We have already presented Splout SQL and showed an example lambda architecture with it. Splout SQL allows serving Big Data in low-latency under high load just like any other fast NoSQL – but it is SQL. Unlike Dremel-like engines which are for ad-hoc, exploratory offline analysis, Splout SQL is for the web, providing consistent performance under concurrent scenarios. And in addition, as you will see through this example, it allows to deploy Hadoop-generated datasets very easily.

The e-Commerce “customer service” webapp

This imaginary e-Commerce website has many users and several product categories – the product category can always be parsed from the product URL. There is a “customer service” department that takes care of troubleshooting, answering user calls and maintaining client loyalty. We need to build the backend for a new web application they will use for which the requirements are:

For any user, retrieve the exact sequence of events that this user made in the website within a certain timeframe. (This helps in detecting the root cause of an issue the user might have had, and can also be valuable information for the technical department in detecting and fixing new bugs).

Image may be NSFW.
Clik here to view.

For any user, be able to “visualize” an activity “footprint” overview for performing “loyalty actions” or campaigns. (For instance, knowing the top 5 categories the user interacted with in the past days allows the “customer service” to offer discounts or any other promotional products on interesting categories for the user).

Image may be NSFW.
Clik here to view.

We need a solution which is:

Scalable both in processing and serving. The amount of data to be queried by the webapp is as big as the amount of data to be analyzed as input (logs).
Simple to implement.
Flexible – we can add / change statistics, change the processing business logic and recompute everything easily.
Reasonably priced.

The solution

In the solution – which is on github – the Apache logs are parsed and analyzed using Cascading which produces two output files: one with the raw parsed logs and one with a consolidated “groupBy” (user, category, date). Both output files can be then transformed into SQL tables in a Splout SQL tablespace and queried in real-time by the “customer service” webapp.

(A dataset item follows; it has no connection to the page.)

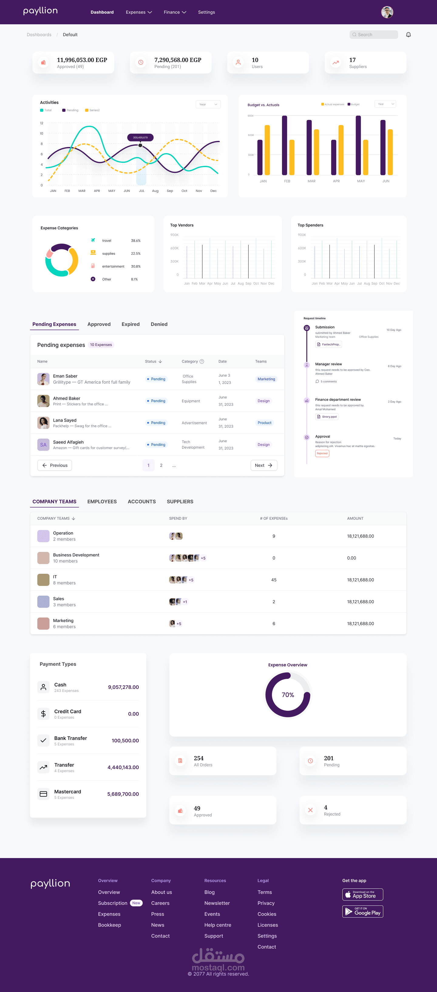 لقد قمت بتطوير نظام إدارة النفقات لشركة تسمى Payllion، وهو مصمم لتبسيط وتنظيم العمليات المالية. يتضمن النظام نظام إخطار قوي عبر البريد الإلكتروني وتنبيهات المتصفح، مما يضمن بقاء المستخدمين على اطلاع دائم في الوقت الفعلي. يتميز بنظام إدارة مستخدمين مزدوج، مع واجهات منفصلة لمسؤولي الشركة والمستخدمين النهائيين، بالإضافة إلى آلية شاملة للتحكم في الوصول تعتمد على الدور لتعزيز الأمان. تدعم المنصة وظائف متعددة اللغات لتلبية احتياجات قاعدة مستخدمين متنوعة.

Using Cascading for the processing allows us to develop and iterate fast. Using Splout SQL for serving the output allows us to perform flexible SQL queries over the analyzed datasets and scale horizontally without having a complex and expensive system underneath.

We’ll explain part by part each component of the solution.

Log processing

Logs that are produced by the webapp need to be saved in the HDFS for being processed by Hadoop. This part is out of the scope for the example – but if the simple approach of uploading partial log files to the HDFS is not enough, there are tools that can help like Flume, Scribe, Kafka or Storm.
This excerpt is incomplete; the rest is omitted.